The annotation of QDR78_11175 carried out with PROKKA 1.11. by Das et al. 2018 (GenBank ID RFZ58776.1) suggests that this glycosyltransferase gene has a BcsA domain common in cellulose synthases, and is similar to epsH of Bacillus subtilis, where it acts as a crucial component in the β-(1 → 6)–linked poly-N-acetyl-D -glucosamine (PNAG) synthesis machinery affecting biofilm formation30. Both cellulose3,10 and PNAG32 have been detected in mycobacterial cultures, with cellulose specifically found in biofilms. Yet, the respective synthesis/secretion machineries of these polysaccharides remain uncharacterized in mycobacteria. In this study, we did not see a major difference in Congo red staining commonly used for visual detection of cellulose when the wild-type bacterial pellets were compared with ΔepsH pellets. This result suggested that the deletion of EpsH did not substantially decrease cellulose production. Based on the existing annotation GenBank ID RFZ58776.1 and the notion that mycobacteria contain PNAG32 it is likely that instead of cellulose, the EpsH may be involved in the PNAG synthesis of mycobacteria. Our result showing the lower opacity of the EpsH bacteria on agar also suggests that the ECM composition is altered in this strain in this strain.

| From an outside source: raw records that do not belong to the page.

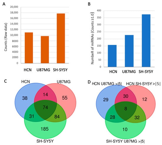 Changes in expression of SF-miRNAs among neuronal cancer—origin cell lines. (A) Changes in number of reads. (B) Changes in the number of SF-miRNA of the 3 neuronal cell lines (above a minimal expression level). (C) Venn diagram showing the partition of different SF-miRNAs among three neuronal cancer cell lines. (D) Venn diagram showing the partition of different SF-miRNAs among the three neuronal cancer cell lines showing at least 5× fold change (for up and down regulation).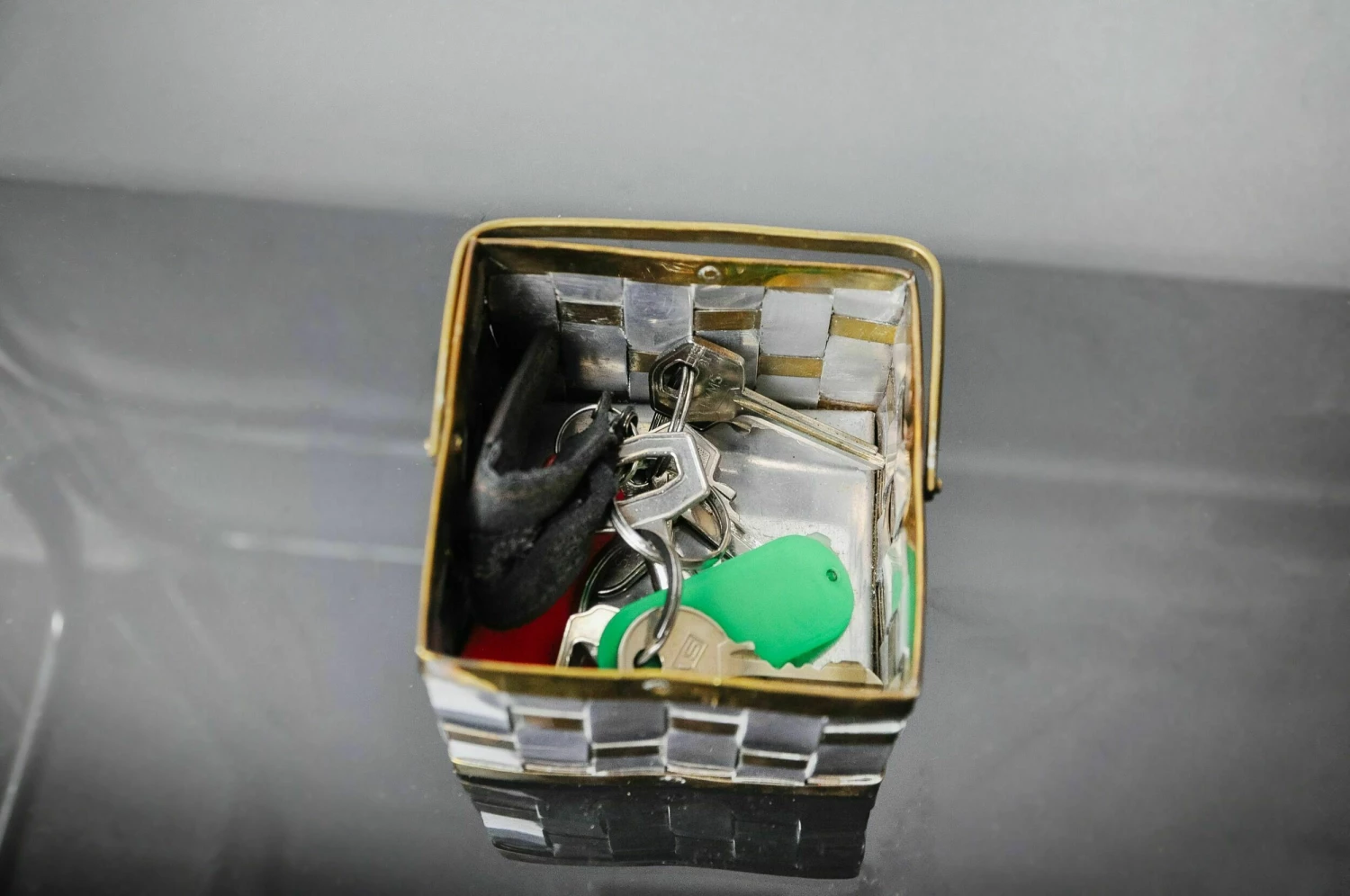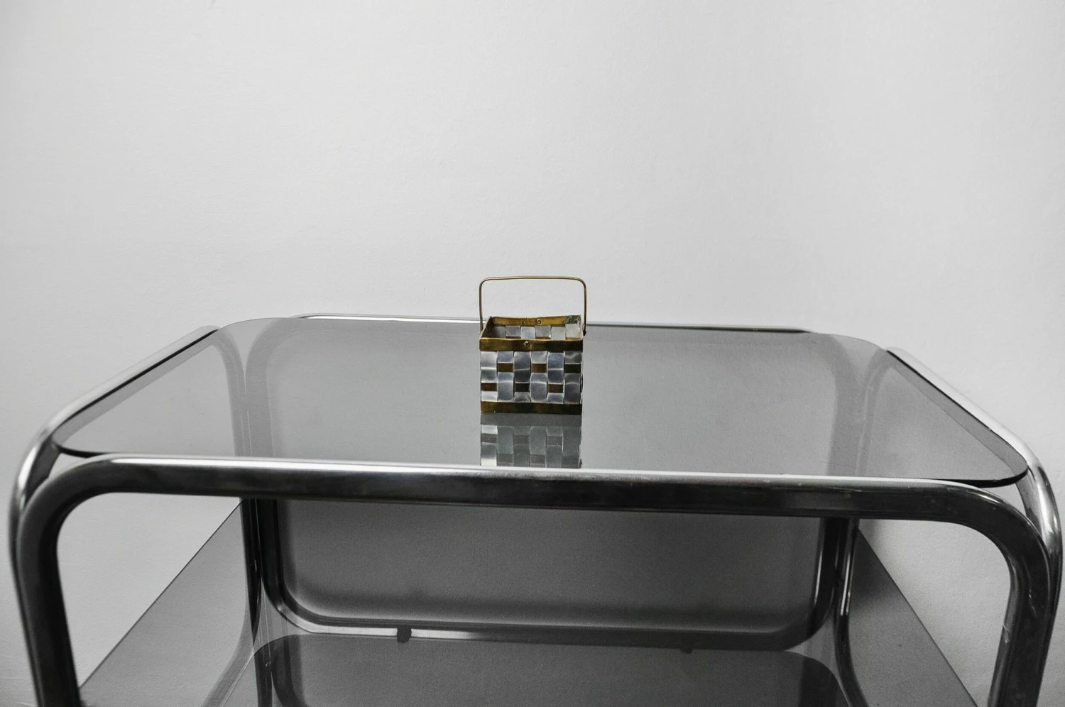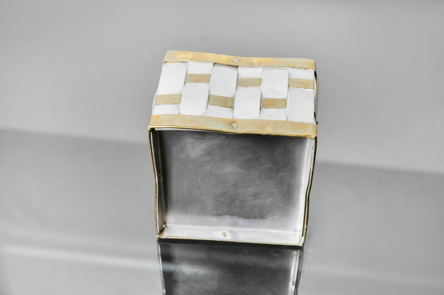 Small deposit hollywood regency key designated and produced by paul evans in the 1970s. Basket in aluminum and braided brass. Decorative object that will know a real design touch to your interior. Ref: 1001.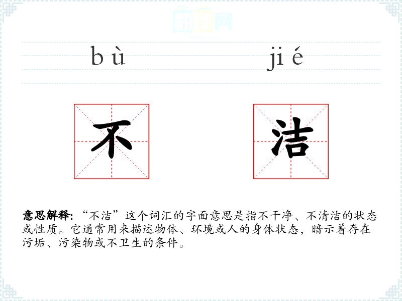 “不洁”由“不”和“洁”两个字组成,其中“不”表示否定,“洁”表示干净。这个词汇在中文中的使用历史悠久,基本含义没有太大变化。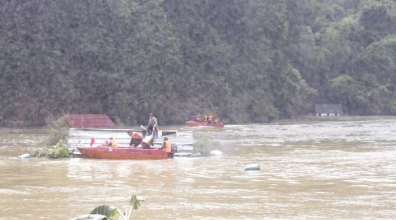 Authorities participate in a search and rescue exercise on the river in Hung Son commune, Trang Dinh.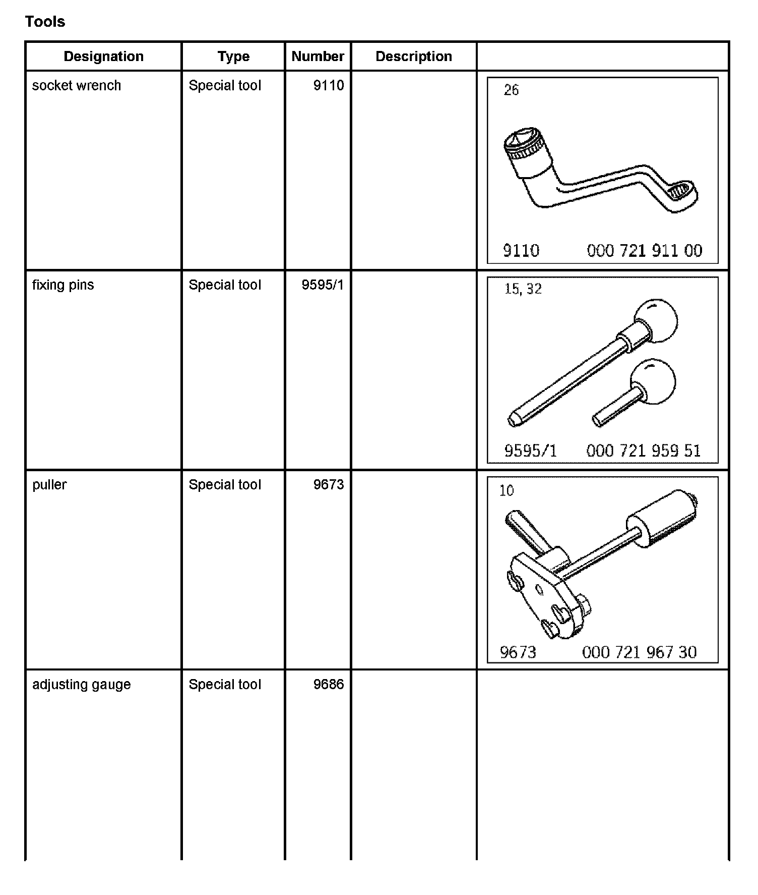 3. To check the camshaft adjustment, insert adjusting gauge 9686 for camshaft into the camshaft slots (pulley side) (inscription on gauge pointing towards cylinder head cover). If the gauge cannot be inserted, rotate the crankshaft a further 360° and secure it again.

Mushtaq et al. 2024 reported A. baumannii variants with lower opacity contained less N-acetylglucosamine28. Looking at the PNAG staining in the work of Cywes-Bentley, it seems to be colocalized with the highest intensity DNA staining. This colocalization also suggests a possible interaction between PNAG and DNA in mycobacteria. The positive charge of PNAG33 would make it an amenable interaction partner of the negatively charged DNA. Based on the existing literature, we can speculate that the mycobacterial EpsH may be involved in PNAG synthesis and that PNAG and eDNA may also be linked in mycobacterial biofilms. Further investigation is needed to determine the precise mechanism by which epsH regulates ECM formation.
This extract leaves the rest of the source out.